I am curious if the result extends to general affine irreducible hypersurfaces cut out in $\mathbb{A}^n$ by $F \in k[X_1, \dots, X_n]$. Since the Gauss lemma argument does not pass through for $n > 2$, I think the result is false for general hypersurfaces. But I am having trouble finding a concrete example.
Is there an affine irreducible hypersurface $V(F)$ for $F \in k[X_1, \dots, X_n]$ where $n>2$, with infinitely many points at which all the partial derivatives vanish? If not, how do we prove the finiteness of the singular points? I can assume $k$ to be algebraically closed if necessary.
Take any irreducible algebraic curve $X\subset \mathbb A^2$ with finite non empty singular set $\emptyset\neq S\subset X$.

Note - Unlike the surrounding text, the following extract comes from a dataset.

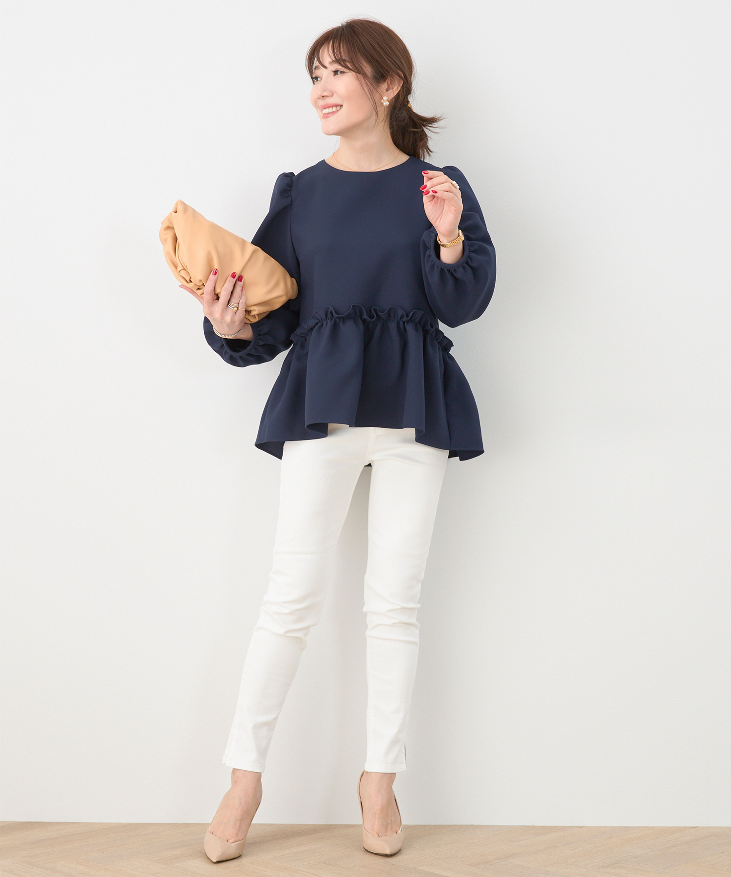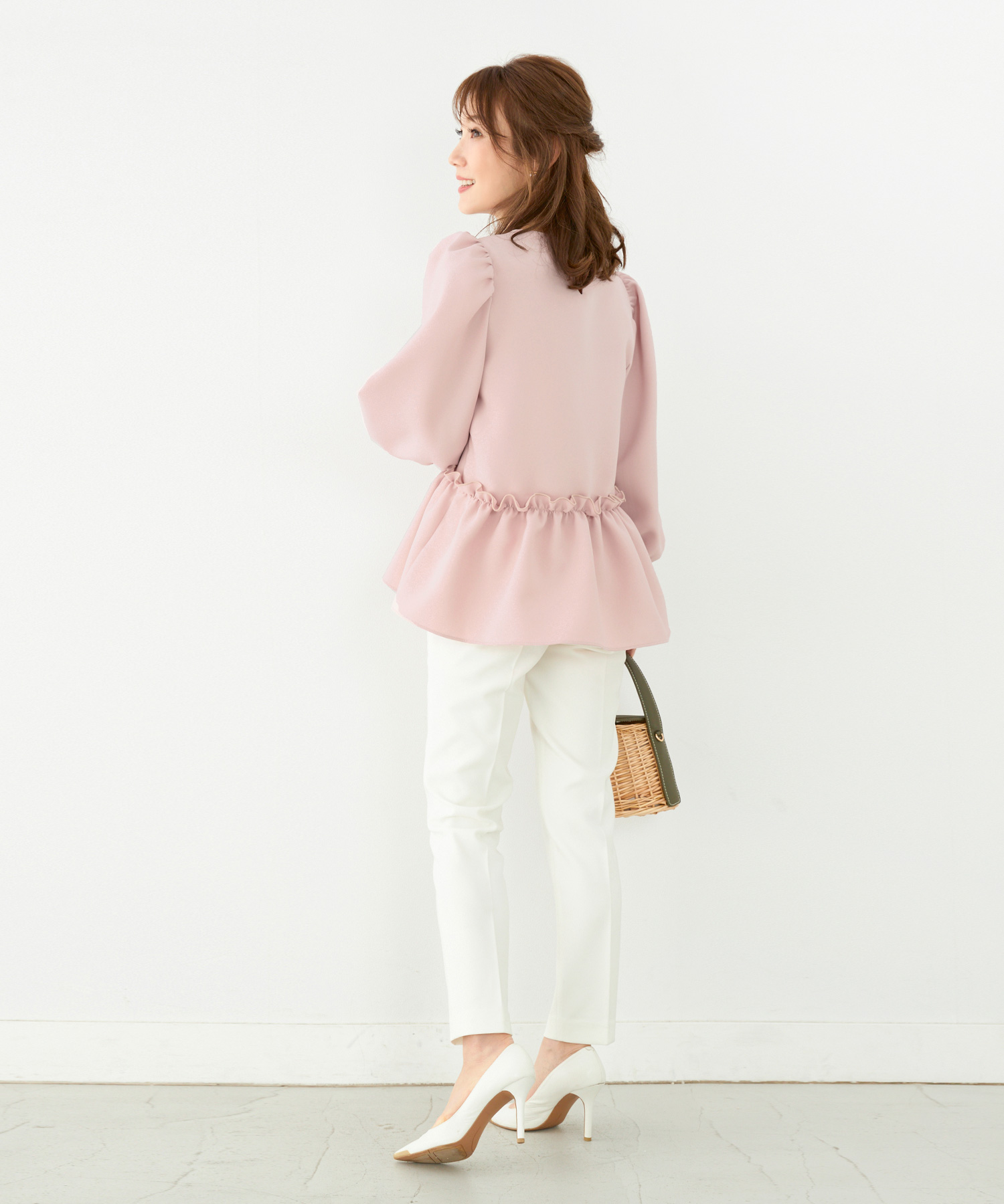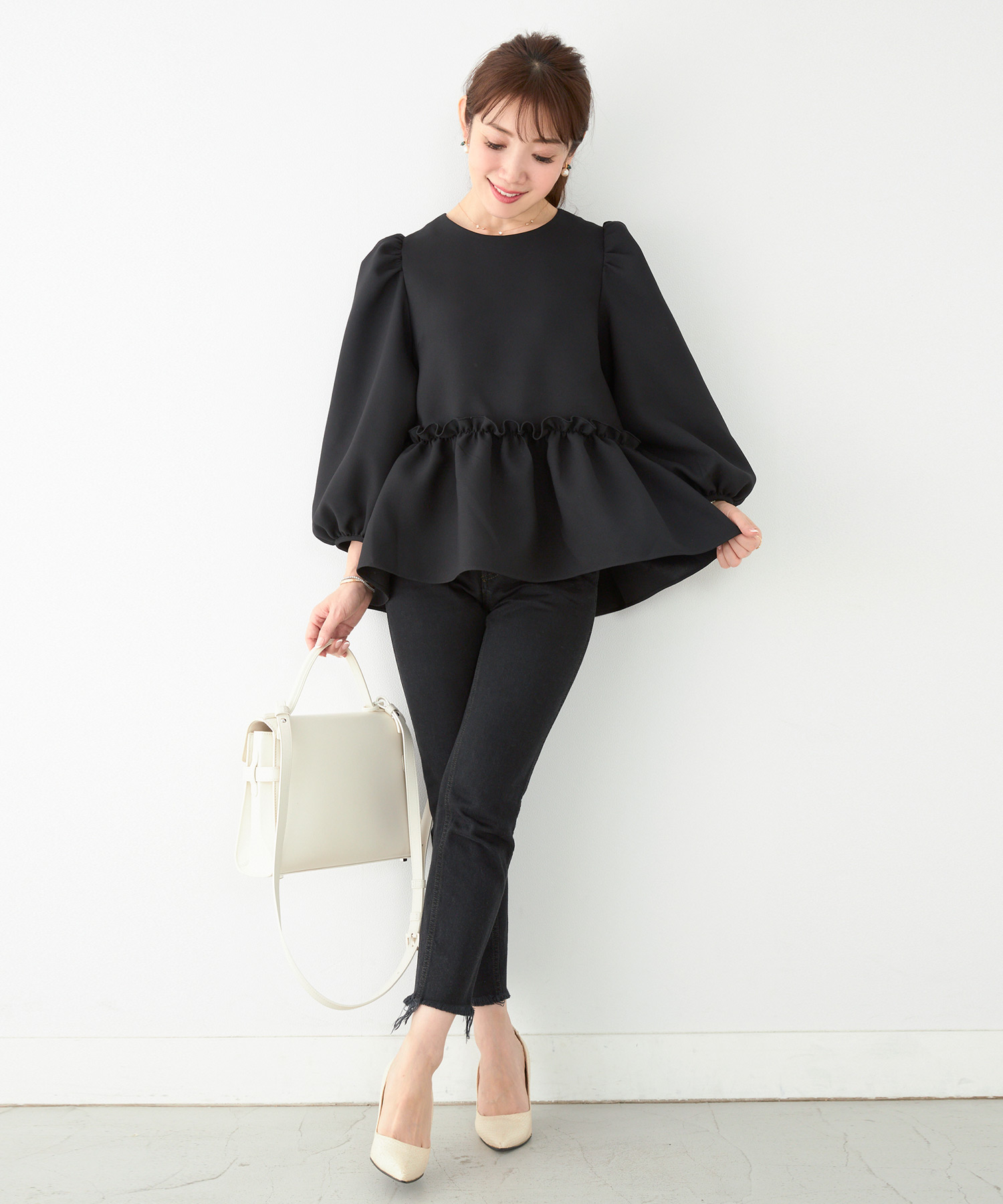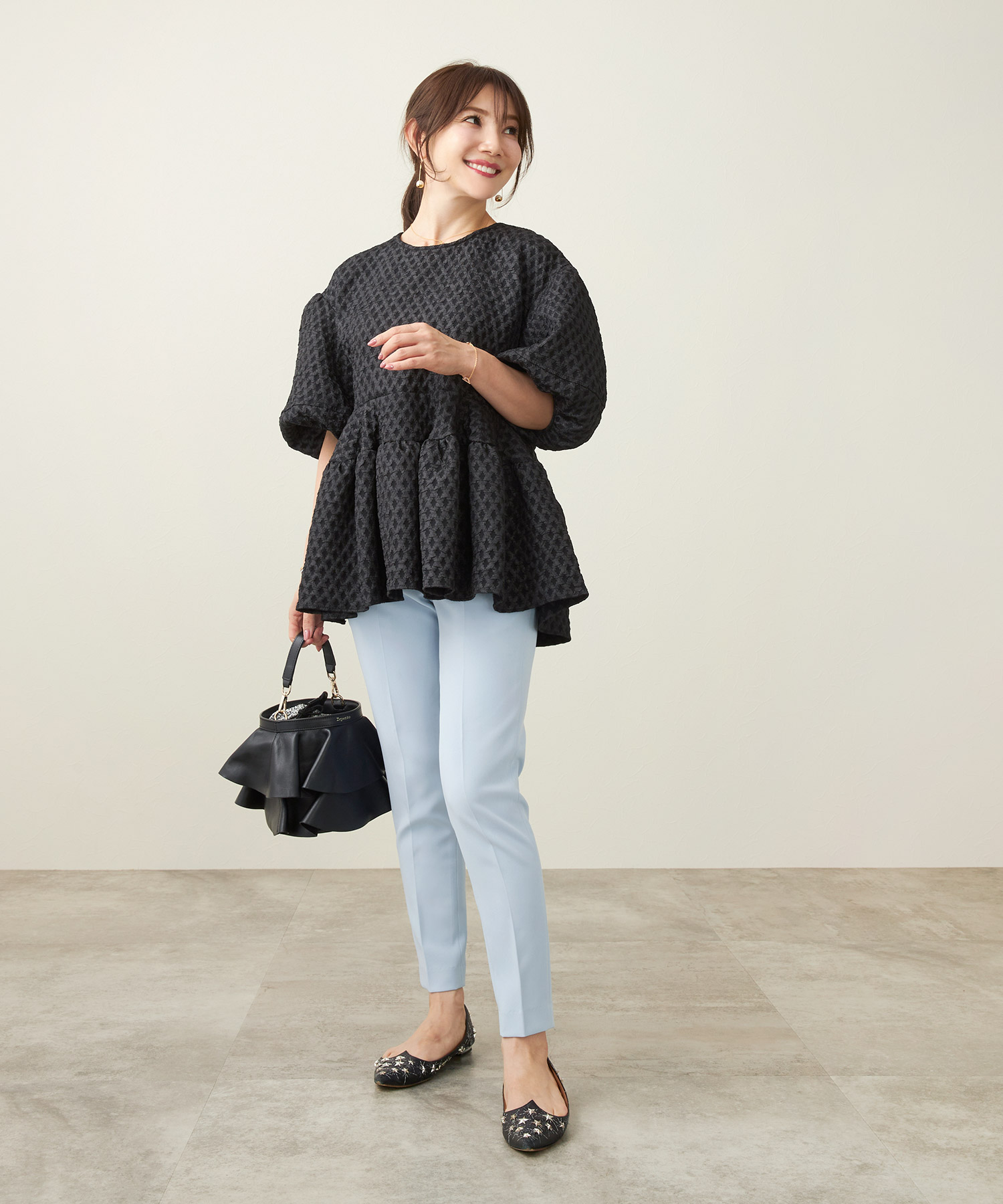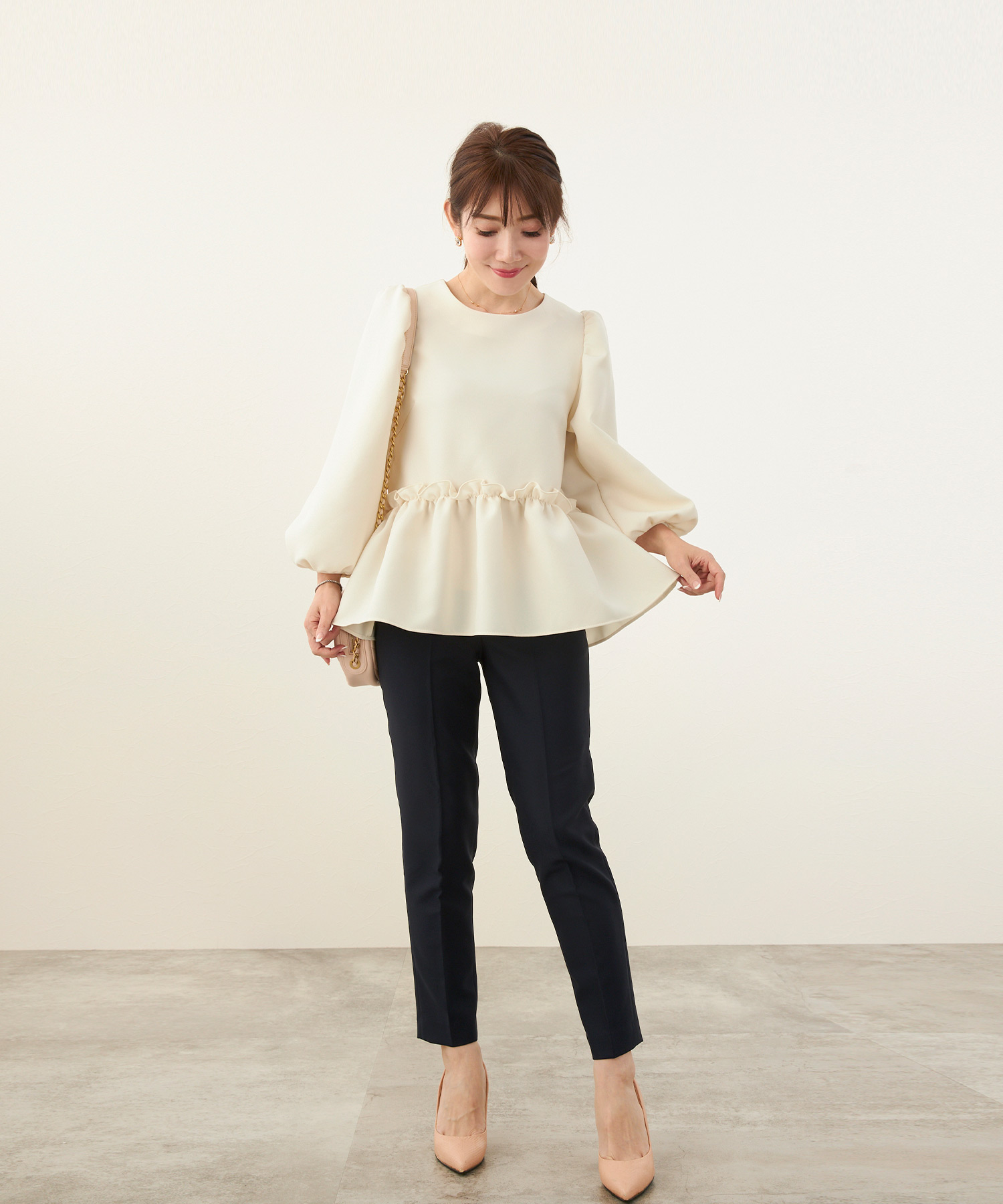 パフスリーブ 8分袖 ペプラム ブラウス(Liala×PG)¥6,490(税込)

Then for $n\gt2$ the irreducible hypersurface $X\times \mathbb A^{n-2}\subset \mathbb A^2\times \mathbb A^{n-2}=\mathbb A^n$ has as infinite singular set $S\times \mathbb A^{n-2}$.
If $X$ has $f(x,y)=0$ as equation (for example $x_2^2-x_1^3=0$), then the hypersurface $X\times \mathbb A^{n-2}\subset\mathbb A^n$ has as equation the exact same equation $f(x_1,x_2)=0$, where we now see $f$ as a polynomial $f\in k[x_1,x_2,\cdots,x_n]$.